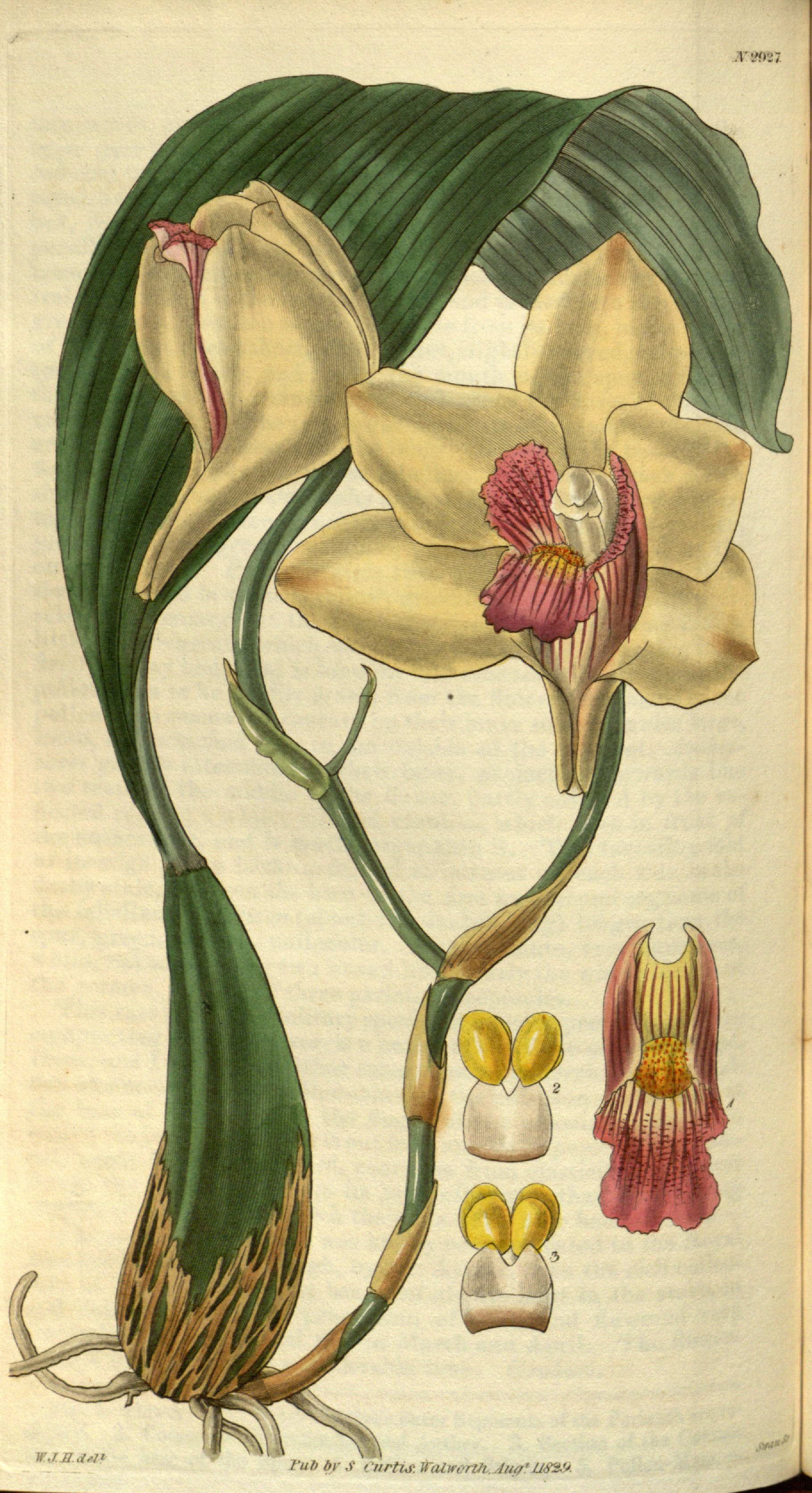 Illustration of Bifrenaria harrisoniae (as syn. Maxillaria harrisoniae)
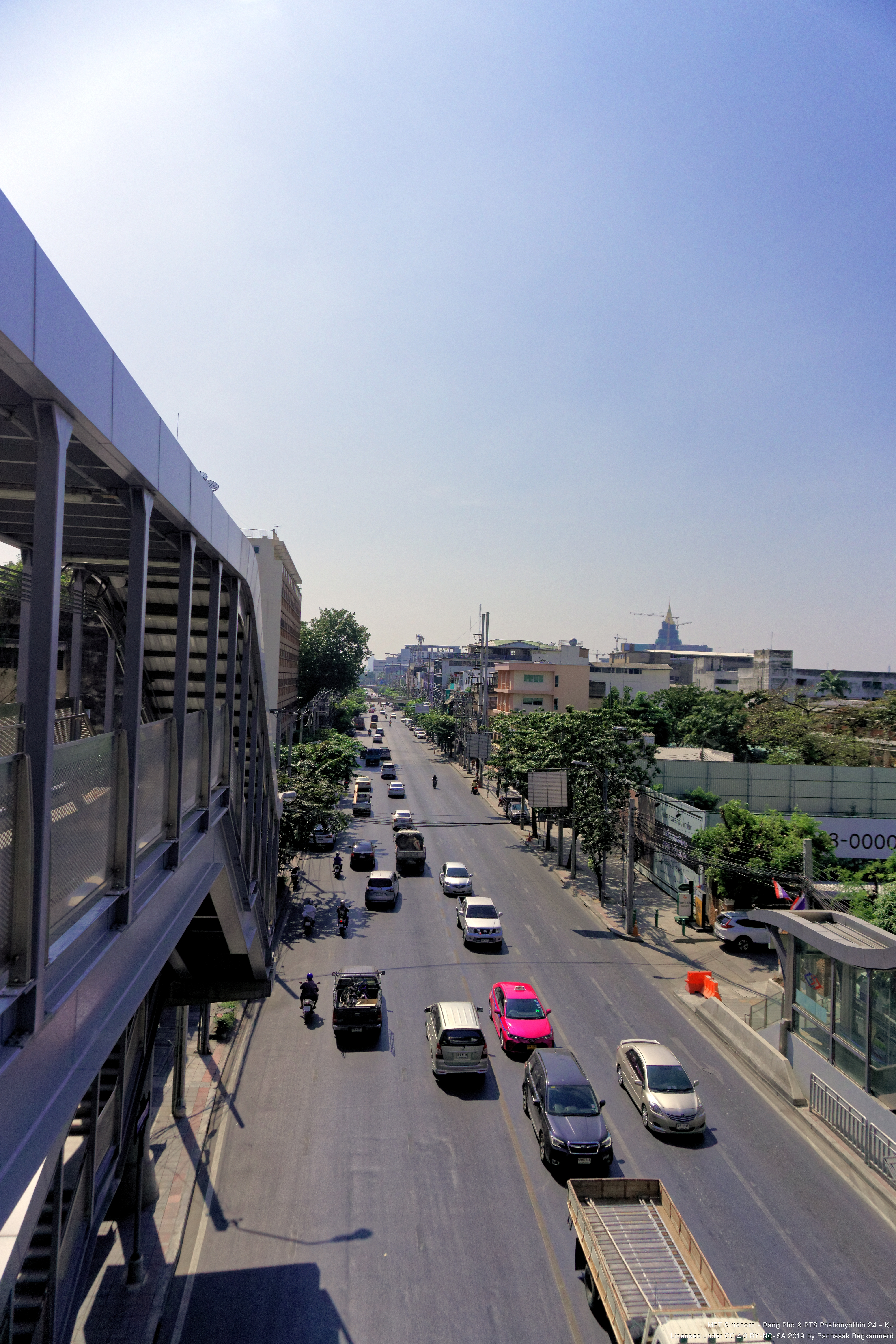 MRT Bang Pho - Pracha Rat Sai 1 road
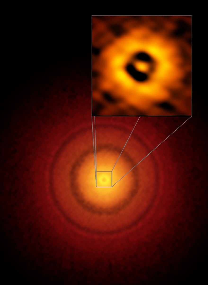 ALMA image of the planet-forming disc around the young, Sun-like star TW Hydrae. The inset image (upper right) zooms in on the gap nearest to the star, which is at the same distance as the Earth is from the Sun, suggesting an infant version of our home planet could be emerging from the dust and gas. The additional concentric light and dark features represent other planet-forming regions farther out in the disc.
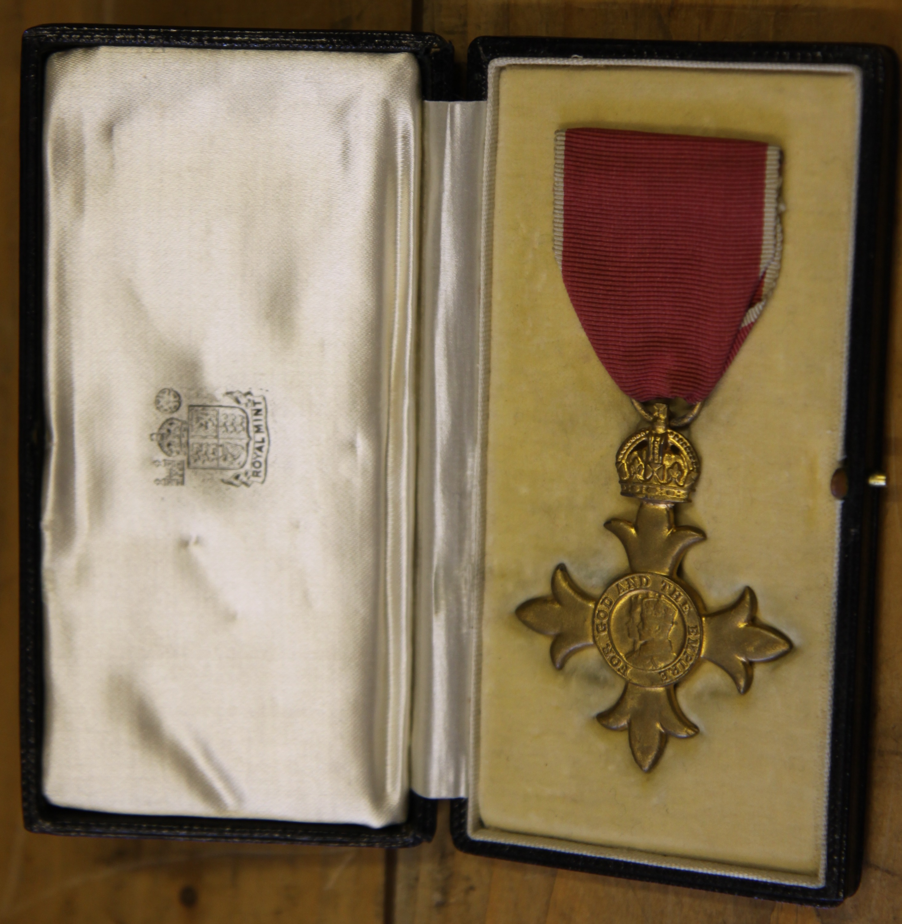 Alan Turing's OBE (Order of the British Empire) Medal - currently held in Sherborne school archives
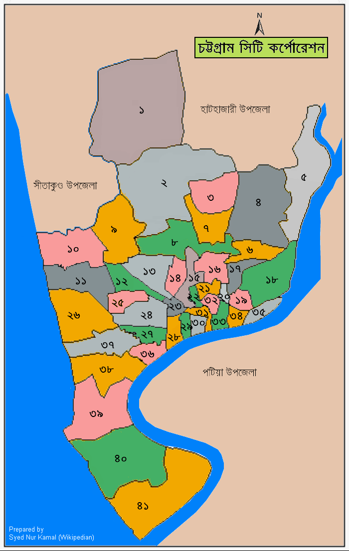 Ward base Map of Chittagong City Corporation
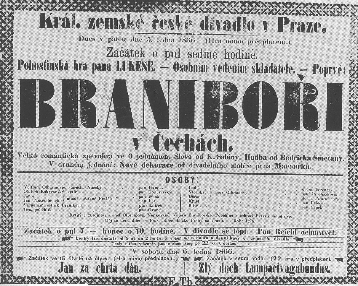 Theater poster for the world premiere of Smetana's The Brandenburgers in Bohemia (1866)
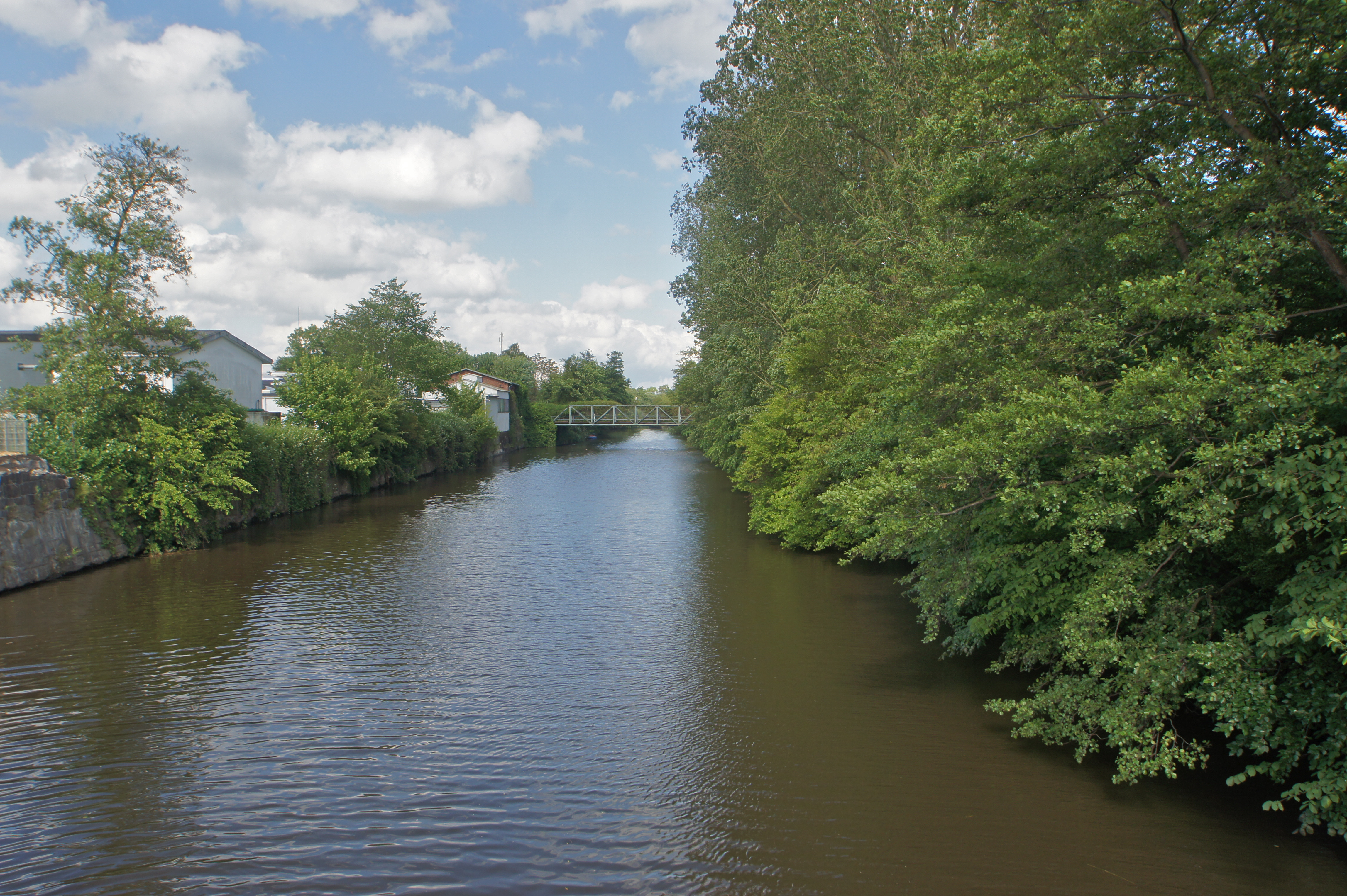 Glückstadt, Germany: The Rhin at the Stadtstrasse
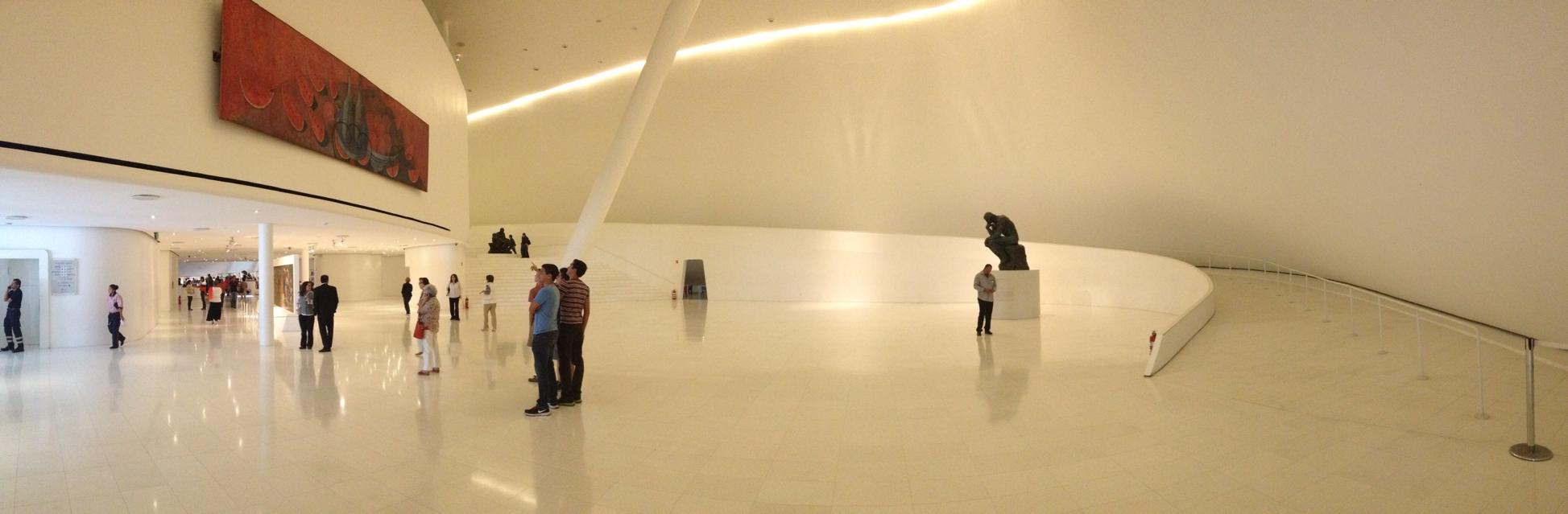 Entrance floor of the Museo Soumaya Plaza Carso. Photo was taken on June 2013.
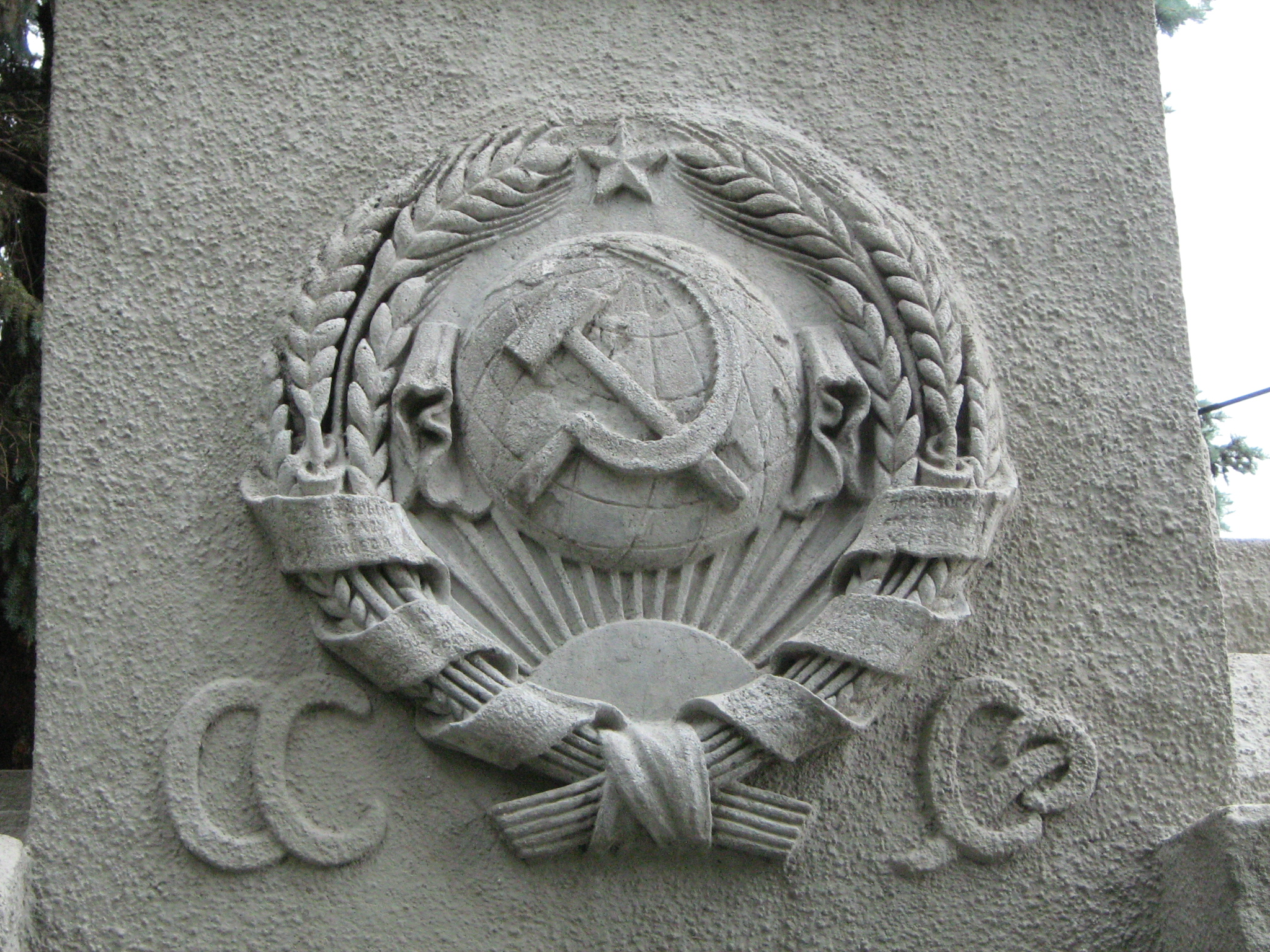 Lenin monument n Komintern St in central Sormovo. Decorated with an early version of the Coat of Arms of the USSR (with just 7 ribbons), the monument was built in the early years of the USSR

* Task goal *
A word-for-word copy of the listing is needed. It must not include the pictures.

* Expected answer *
 Illustration of Bifrenaria harrisoniae (as syn. Maxillaria harrisoniae)
 MRT Bang Pho - Pracha Rat Sai 1 road
 ALMA image of the planet-forming disc around the young, Sun-like star TW Hydrae. The inset image (upper right) zooms in on the gap nearest to the star, which is at the same distance as the Earth is from the Sun, suggesting an infant version of our home planet could be emerging from the dust and gas. The additional concentric light and dark features represent other planet-forming regions farther out in the disc.
 Alan Turing's OBE (Order of the British Empire) Medal - currently held in Sherborne school archives
 Ward base Map of Chittagong City Corporation
 Theater poster for the world premiere of Smetana's The Brandenburgers in Bohemia (1866)
 Glückstadt, Germany: The Rhin at the Stadtstrasse
 Entrance floor of the Museo Soumaya Plaza Carso. Photo was taken on June 2013.
 Lenin monument n Komintern St in central Sormovo. Decorated with an early version of the Coat of Arms of the USSR (with just 7 ribbons), the monument was built in the early years of the USSR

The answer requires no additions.